Julieta se limpiaba las lágrimas, como con disimulo mientras Bernardo sostenía al pequeño Alberto y los hermanos Rivas, serios, miraban a su hermana del otro lado de la tumba.
«... adiós, madre, ya no te voy a oír en las noches que me pidas tu café, madrecita, cómo te gustaba. ¡Ay, mamá, ya me dejaste solita, solita! —decía Casimira, mientras se sacudía la nariz—. Descansa en paz, madre, intercede con Dios por tu hija, adiós madre, adiós...

Julieta se acercó a Bernardo y le dio un pañuelo que sacó de su bolcillo, luego tomó su mano y todos miraron cómo el albañil dentro de la fosa acomodaba el cajón, donde descansaba ya junto a su marido, Beatriz Jacobo.

Cuando terminó de cerrar la fosa y de cubrir otra vez la tumba con la tierra, el albañil se persignó y se dispuso a juntar sus instrumentos. Fue hasta donde estaba Casimira Rivas a solicitar el pago de sus servicios, pero antes de llegar lo detuvieron.
—¡Oiga! —gritaba Alejandrina Rivas, acercándose desde el otro lado, junto a los demás—. ¿Cuánto le debemos? —dijo, mientras buscaba en su bolso.
—No se apure —respondió Don Tomás—, aquí le voy a pagar al joven.
—No, cómo cree —dijo Alejandrina, apretando los labios y se dirigió con el hombre que había quedado en medio—. Tenga, oiga, voy a pagar el entierro de mi madre.
—¿Cuál madre? —repuso con fuerza Casimira, al lado de Don Tomás. Alejandrina alzó la ceja—. Tú no tienes madre, Alejandrina, así que puedes irte derechito por donde llegastes. Y también tú, Alfredo, yo no los he ocupado estos años y mucho menos ahora que mi amá ya no está con nosotros. Yo la batallé toda su enfermedad; y aunque mi amá fue muy cabrona conmigo, yo la velé y también yo voy a pagar por el entierro.
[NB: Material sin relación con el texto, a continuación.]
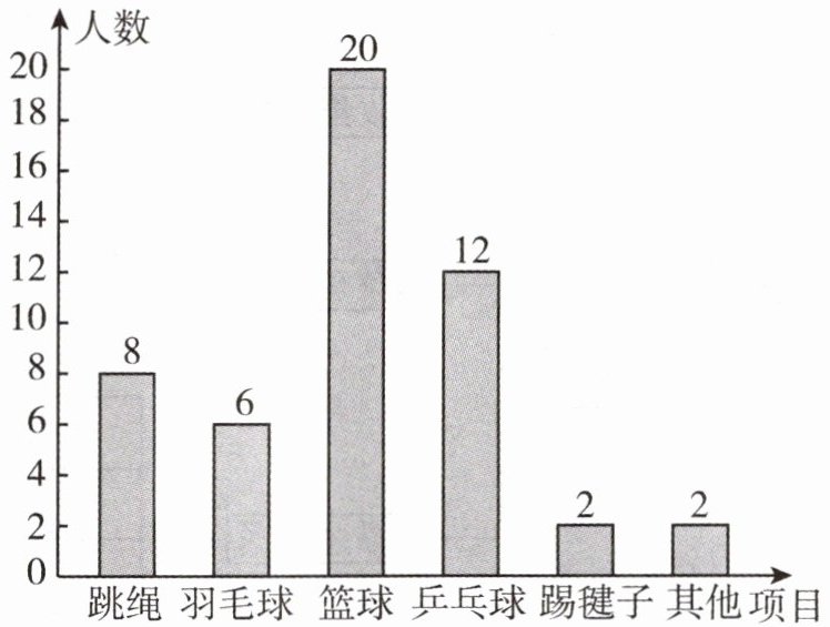 3. “阳光体育”运动在某市轰轰烈烈开展,为了了解同学们最喜爱的“阳光体育”运动项目,小王对本班 50 名同学进行了跳绳、羽毛球、篮球、乒乓球、踢毽子等运动项目中最喜爱人数的调查,并根据调查结果绘制了右面统计图,若将其转化为扇形图,那么最喜爱打篮球的人数所在扇形区域的圆心角的度数为 (

Nomás pudieron se largaron y ahora vienen a puro mortificarme.
—No te pongas así, Casimira —dijo Alfredo.
—Déjala, Alfredo, ya sabes cómo es. Pero está muy equivocada, piensa que me fui a dar la gran vida. Casimira, entiende, en este pueblo nadie iba a prosperar. Y yo te lo dije muchas veces.